Problem statement -
With the pictures left out, transcribe exactly the lines from the one with "신중히 선택해야 해요." through the end of the data.

------------------------------------------------

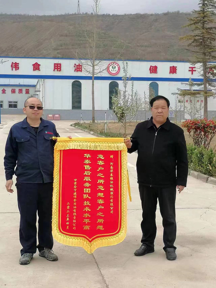 今年,甘肃会宁建伟食用油有限责任公司因扩大规模生产,生产线上工作人员更新,上了许多年轻的新人,他们对生产设备不熟悉,导致设备无法正常运转,且面临着大订单等着交单,让贾总作了难,紧急情况之下尝试着联系了设备的生产商华泰集团,华泰集团闻讯立即派出售后团队去实地开展人员开机、二次调试、培训等工作,为客户解决了生产上的困难。
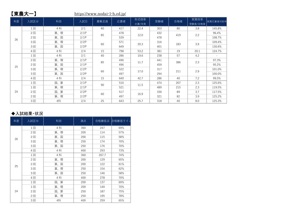 【東農大一】2026年度 入試結果(実質倍率、合格最低ライン、合格最低点等)(2026/03/21配信) 2026年3月21日 現代教育学院 中学入試情報 0 東京農大一中ホームぺージhttps://www.nodai-1-h.ed.jp/◆文京区の塾【難関中学受験】現代教育学院 生徒募集中!2026年度入試結果受験対策受験相談最新情報
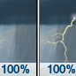 Temperature: 58°F Wind Speed: 10 to 14 mph Wind Direction: SSE Forecast: Rain showers before 4pm, then showers and thunderstorms. Cloudy, with a high near 58. Chance of precipitation is 100%. |
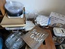 Event food service: Serving trays, serving platters, cutting boards, bread maker, instant pot, condiment servers, buffet trays, glass punch bowl and matching glasses, China set, mini fridge, macaroon tower, and more.
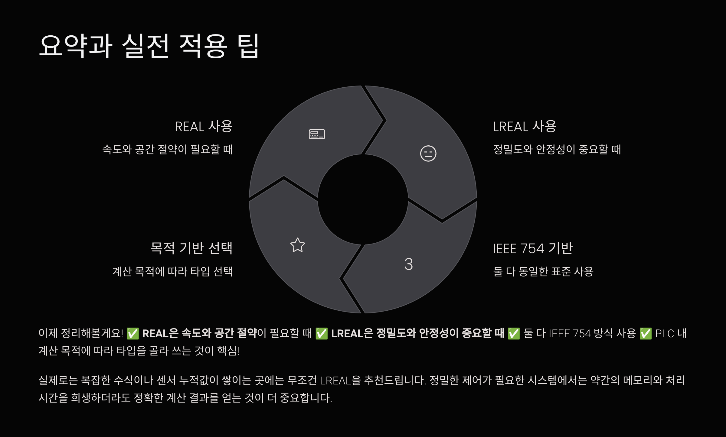 📌 메모리 사용량: LREAL은 REAL보다 2배 크기이므로 메모리 제한이 있는 컨트롤러에서는 신중히 선택해야 해요.
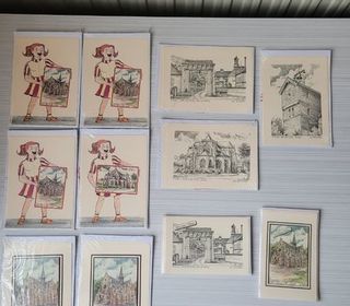 Cartes postales imprimées avec enveloppes blanche sous blister de Bar-sur-Seine. - Il y a 4 Cartes et enveloppes par paquet, et 2 paquets de 8 cartes et enveloppes pour les mei

------------------------------------------------

Your response -
 📌 메모리 사용량: LREAL은 REAL보다 2배 크기이므로 메모리 제한이 있는 컨트롤러에서는 신중히 선택해야 해요.
 Cartes postales imprimées avec enveloppes blanche sous blister de Bar-sur-Seine. - Il y a 4 Cartes et enveloppes par paquet, et 2 paquets de 8 cartes et enveloppes pour les mei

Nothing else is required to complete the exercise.